- **Problem statement**:
For the entries below, return every line from the top through the line with "Koninklijke Vlaamse Schouwburg" exactly as it stands, omitting pictures.

- **Source data**:
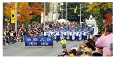
加拿大法轮功学员参加感恩节游行
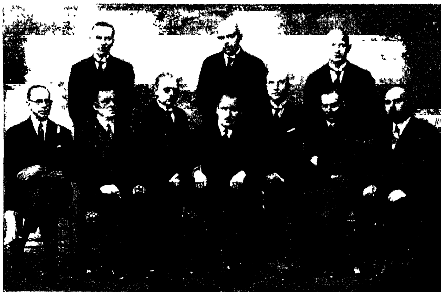
Eesti Panga nõukogu 1929. a.

Hiljem leiti mittekallismetallid ja märgati neil omadusi, mis tegid nad relvade ja tööriistade toormaterjalina palju väärtuslikumaks seni tarvitatud kivist. Esimene metall, mida tarvitati seks otstarbeks, oli vask. Alguses teda tarvitati puhtalt, kuid hiljem segati teda tinaga pronksiks, mis oli palju kõvem puhtast vasest. Vanemaid tuntud vase leiupaiku on Kuproose saar, millest vask on saanud oma ladinakeelse nimegi
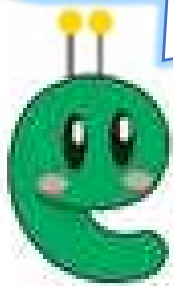
佐賀県の環境キャラクター 「ピコピコ」
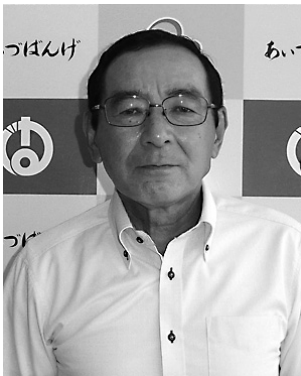
関本コミュニティセンター長
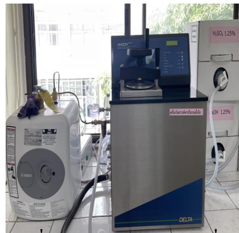
เครื่องวิเคราะห์หาปริมาณเยื่อใยแบบอัตโนมัติ (Fiber Analyzer)
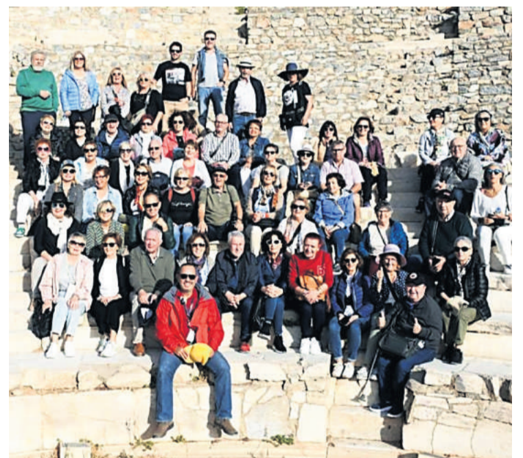
VIAJES TAMBRE SE FUE DE EXCURSIÓN A TURQUÍA. Viajes Tambre organizó un magnífico desplazamiento a Turquía en el que sus clientes realizaron un recorrido de nueve días en que tuvieron la oportunidad de conocer Estambul, Bursa, Éfeso, Pamukkale, Hierápolis, Konya, Capadocia, valle de Goreme, calle de Pasabag y Ankara. A modo de anécdota, la expedición gallega recorrió la calle Istiklal tres días antes de que en esta avenida peatonal se cometiera un atentado terrorista.
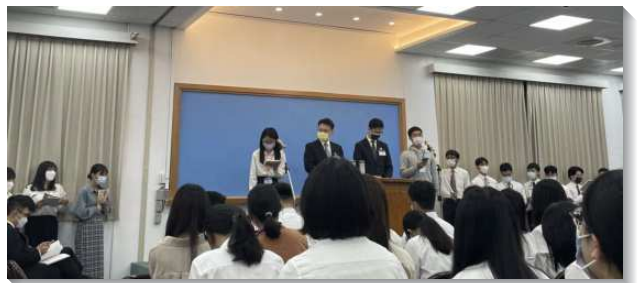
▲大學聖徒於夏季現場訓練中分享及考試

訓練的末了有為著學生及服事配搭人位的湧流申言聚會，眾人展覽在這十二篇信息上的耕耘與經營，帶來豐富的出產供眾人分享。正如信息中所提到的：『所有信徒都得救成為君王和祭司；當祭司為神說話時，他們就成為神的代言人，這些人就是申言者。…申言乃是得勝者的功用』。學生們踴躍的上台分享，
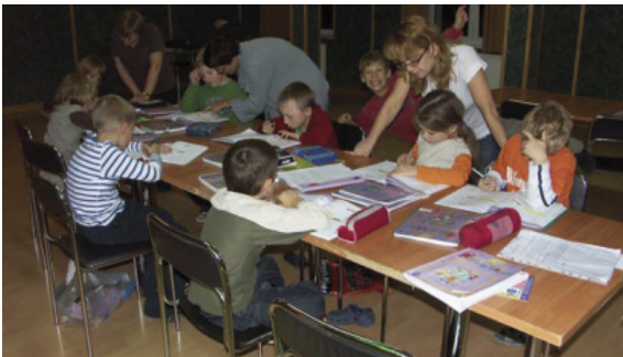
Sala gry zamieniona w salę lekcyjną, wspólne odrabianie lekcji

Od samego początku widać było fantastyczne zgranie całej ekipy młodych szachistów. Doskonałym przykładem był moment zajmowania pokoi. O ile samo wejście na drugie piętro dla nikogo nie stanowiło problemu, to jednak wniesienie tam bagaży przez drugoklasistów było już pewnym wyzwaniem – niektórzy z najmłodszych byli mniejsi od swoich bagaży. W tym momencie na pomoc ru-
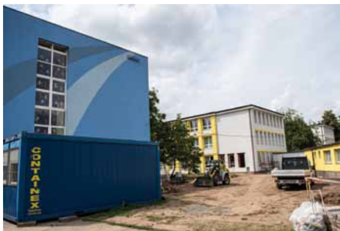
ZŠ Masarykova a Bezručova: za pár měsíců zde vyroste zcela nový pavilon
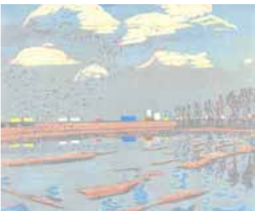
Wendelien Schönfeld Holendrecht , 2005 gravure sur bois en couleurs 30 x 35 cm (coup de planche) 38 x 50 cm (feuille)
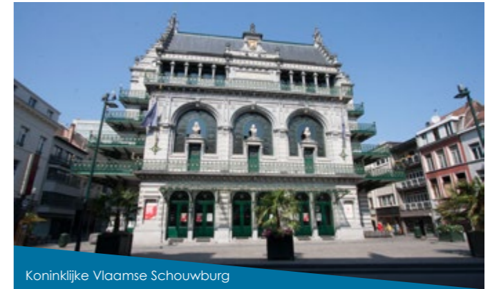
Koninklijke Vlaamse Schouwburg

Dankzij het expositie en conferentiecentrum Square, het vernieuwde Congressenpaleis , kan Brussel zich wereldwijd positioneren als dé congresstad bij uitstek. Het vernieuwde Paleis, meer dan 10.000m 2 groot, kan meer dan 3000 deelnemers ontvangen in een magnifiek kader met fresco's van Magritte, Delvaux en Van Lint.
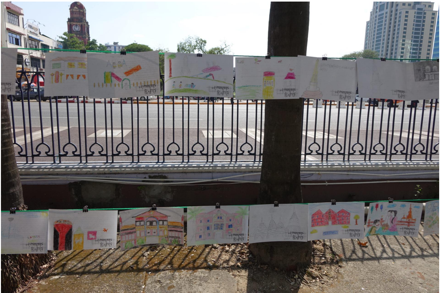
Installation der Postkarten vor dem Rathaus, mit High Court im Hintergrund (links)
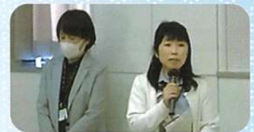
松岡指導員様 北御門課長様
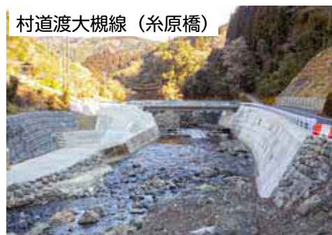
村道渡大槻線（糸原橋）
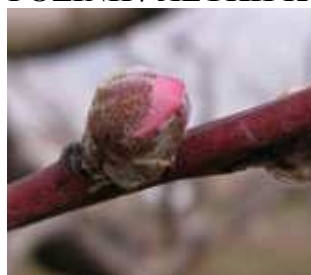
Ροδακινιά / Νεκταρινιά

- **Result of this exercise**:
加拿大法轮功学员参加感恩节游行
Eesti Panga nõukogu 1929. a.

Hiljem leiti mittekallismetallid ja märgati neil omadusi, mis tegid nad relvade ja tööriistade toormaterjalina palju väärtuslikumaks seni tarvitatud kivist. Esimene metall, mida tarvitati seks otstarbeks, oli vask. Alguses teda tarvitati puhtalt, kuid hiljem segati teda tinaga pronksiks, mis oli palju kõvem puhtast vasest. Vanemaid tuntud vase leiupaiku on Kuproose saar, millest vask on saanud oma ladinakeelse nimegi
佐賀県の環境キャラクター 「ピコピコ」
関本コミュニティセンター長
เครื่องวิเคราะห์หาปริมาณเยื่อใยแบบอัตโนมัติ (Fiber Analyzer)
VIAJES TAMBRE SE FUE DE EXCURSIÓN A TURQUÍA. Viajes Tambre organizó un magnífico desplazamiento a Turquía en el que sus clientes realizaron un recorrido de nueve días en que tuvieron la oportunidad de conocer Estambul, Bursa, Éfeso, Pamukkale, Hierápolis, Konya, Capadocia, valle de Goreme, calle de Pasabag y Ankara. A modo de anécdota, la expedición gallega recorrió la calle Istiklal tres días antes de que en esta avenida peatonal se cometiera un atentado terrorista.
▲大學聖徒於夏季現場訓練中分享及考試

訓練的末了有為著學生及服事配搭人位的湧流申言聚會，眾人展覽在這十二篇信息上的耕耘與經營，帶來豐富的出產供眾人分享。正如信息中所提到的：『所有信徒都得救成為君王和祭司；當祭司為神說話時，他們就成為神的代言人，這些人就是申言者。…申言乃是得勝者的功用』。學生們踴躍的上台分享，
Sala gry zamieniona w salę lekcyjną, wspólne odrabianie lekcji

Od samego początku widać było fantastyczne zgranie całej ekipy młodych szachistów. Doskonałym przykładem był moment zajmowania pokoi. O ile samo wejście na drugie piętro dla nikogo nie stanowiło problemu, to jednak wniesienie tam bagaży przez drugoklasistów było już pewnym wyzwaniem – niektórzy z najmłodszych byli mniejsi od swoich bagaży. W tym momencie na pomoc ru-
ZŠ Masarykova a Bezručova: za pár měsíců zde vyroste zcela nový pavilon
Wendelien Schönfeld Holendrecht , 2005 gravure sur bois en couleurs 30 x 35 cm (coup de planche) 38 x 50 cm (feuille)
Koninklijke Vlaamse Schouwburg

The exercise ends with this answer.